- [ACTIVITY]: What you give back from the listing below should be an exact copy of the lines from the one with "Soundcoreアプリ上で" down to the one with "Key (to lock", and it should contain no pictures.

- [INFORMATION]:
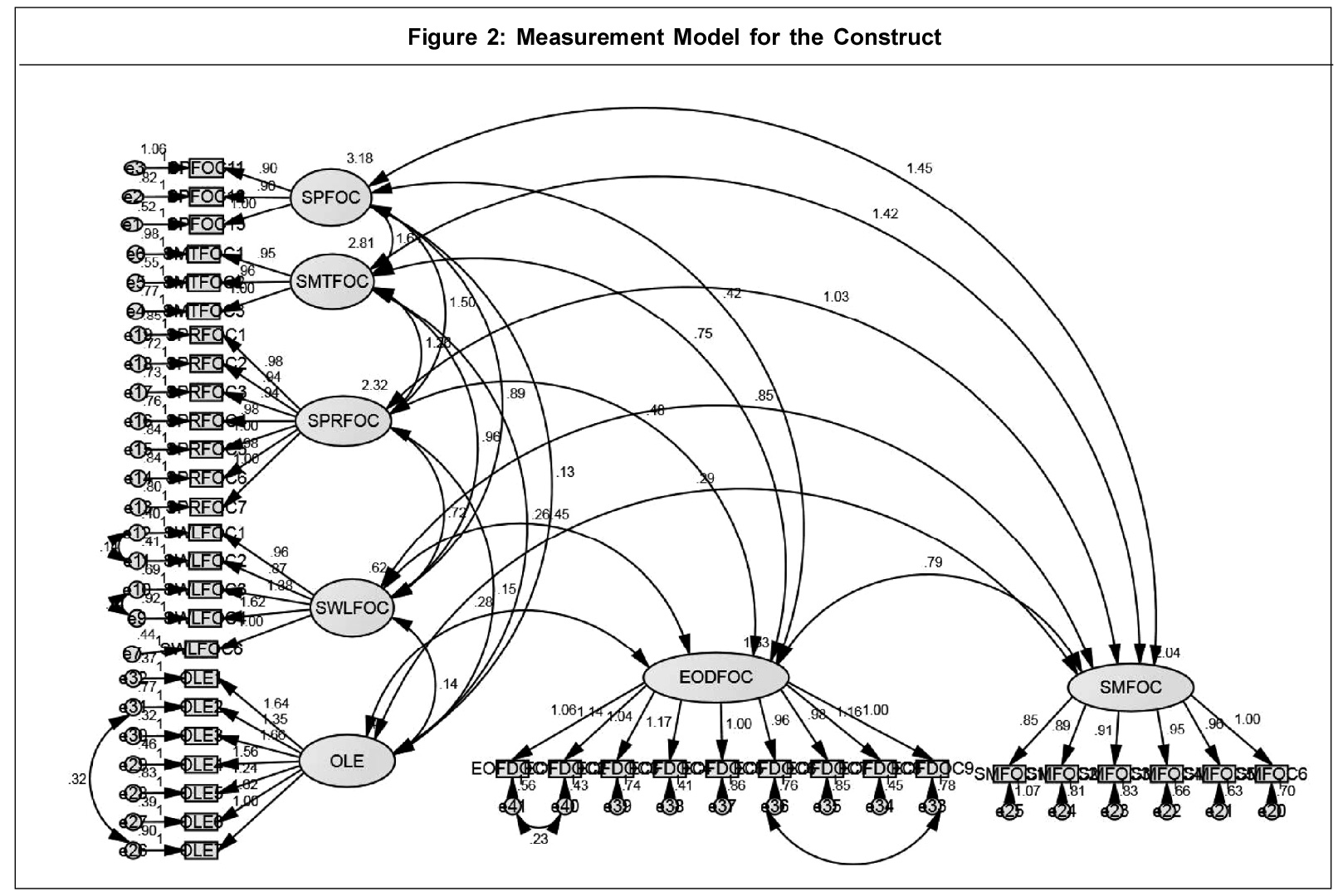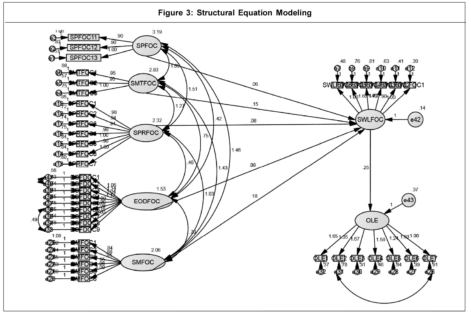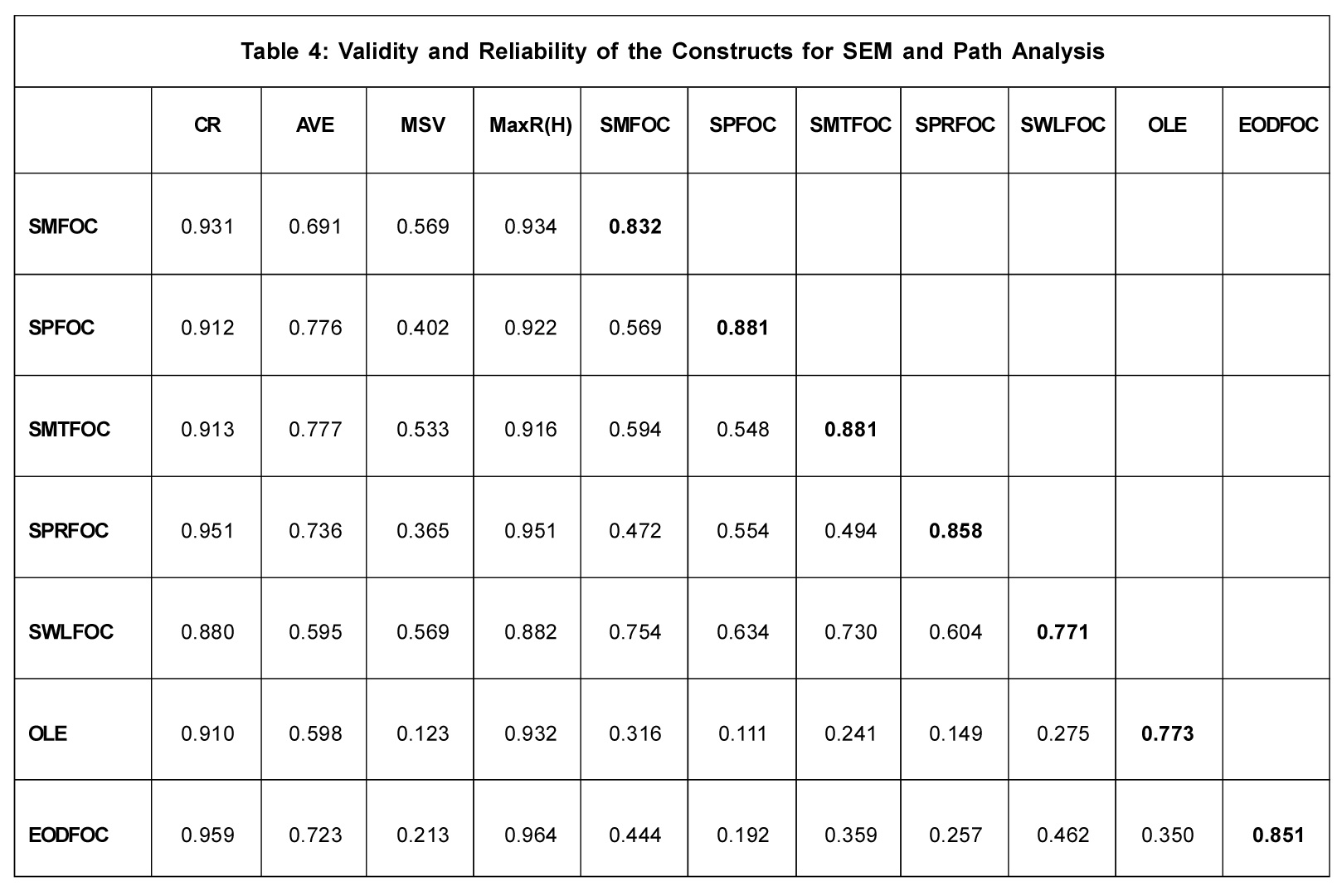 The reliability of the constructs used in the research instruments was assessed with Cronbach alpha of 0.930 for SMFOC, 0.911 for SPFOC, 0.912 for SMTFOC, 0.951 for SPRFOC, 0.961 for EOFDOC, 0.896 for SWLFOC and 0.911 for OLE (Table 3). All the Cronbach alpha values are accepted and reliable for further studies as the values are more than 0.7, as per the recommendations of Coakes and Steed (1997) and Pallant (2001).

==

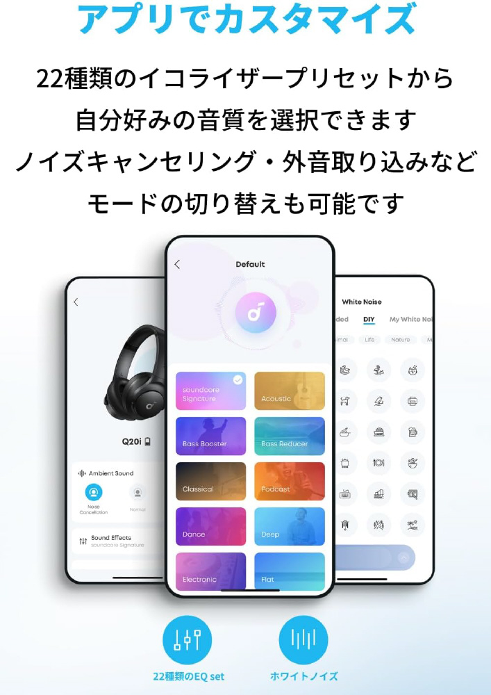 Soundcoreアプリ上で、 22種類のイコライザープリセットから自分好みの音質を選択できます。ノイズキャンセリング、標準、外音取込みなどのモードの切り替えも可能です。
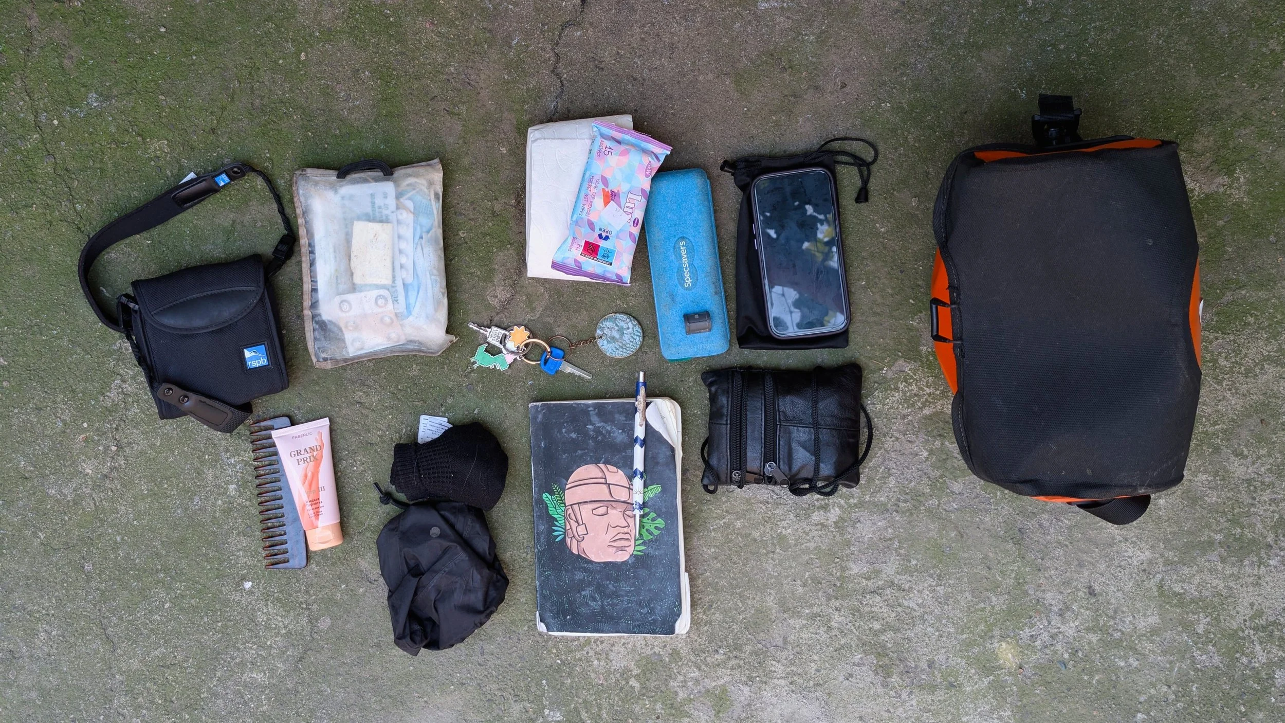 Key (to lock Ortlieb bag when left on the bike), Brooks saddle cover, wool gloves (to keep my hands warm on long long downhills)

---

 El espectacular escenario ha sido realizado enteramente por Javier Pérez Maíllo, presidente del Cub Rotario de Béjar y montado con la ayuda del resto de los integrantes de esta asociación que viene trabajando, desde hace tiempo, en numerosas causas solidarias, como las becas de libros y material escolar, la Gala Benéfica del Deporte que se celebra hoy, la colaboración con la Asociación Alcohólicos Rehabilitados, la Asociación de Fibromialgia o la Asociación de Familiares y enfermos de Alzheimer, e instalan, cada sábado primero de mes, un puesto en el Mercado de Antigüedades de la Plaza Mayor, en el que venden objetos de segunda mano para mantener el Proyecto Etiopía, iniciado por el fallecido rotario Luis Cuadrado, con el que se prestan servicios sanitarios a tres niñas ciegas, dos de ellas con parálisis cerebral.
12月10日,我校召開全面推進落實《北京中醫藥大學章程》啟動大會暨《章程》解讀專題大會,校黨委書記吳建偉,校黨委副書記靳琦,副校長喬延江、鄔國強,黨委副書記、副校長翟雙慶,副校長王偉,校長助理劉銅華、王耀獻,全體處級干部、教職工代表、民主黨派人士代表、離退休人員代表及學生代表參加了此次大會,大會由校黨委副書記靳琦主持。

- [SOLUTION TO THIS PROBLEM]:
 Soundcoreアプリ上で、 22種類のイコライザープリセットから自分好みの音質を選択できます。ノイズキャンセリング、標準、外音取込みなどのモードの切り替えも可能です。
 Key (to lock Ortlieb bag when left on the bike), Brooks saddle cover, wool gloves (to keep my hands warm on long long downhills)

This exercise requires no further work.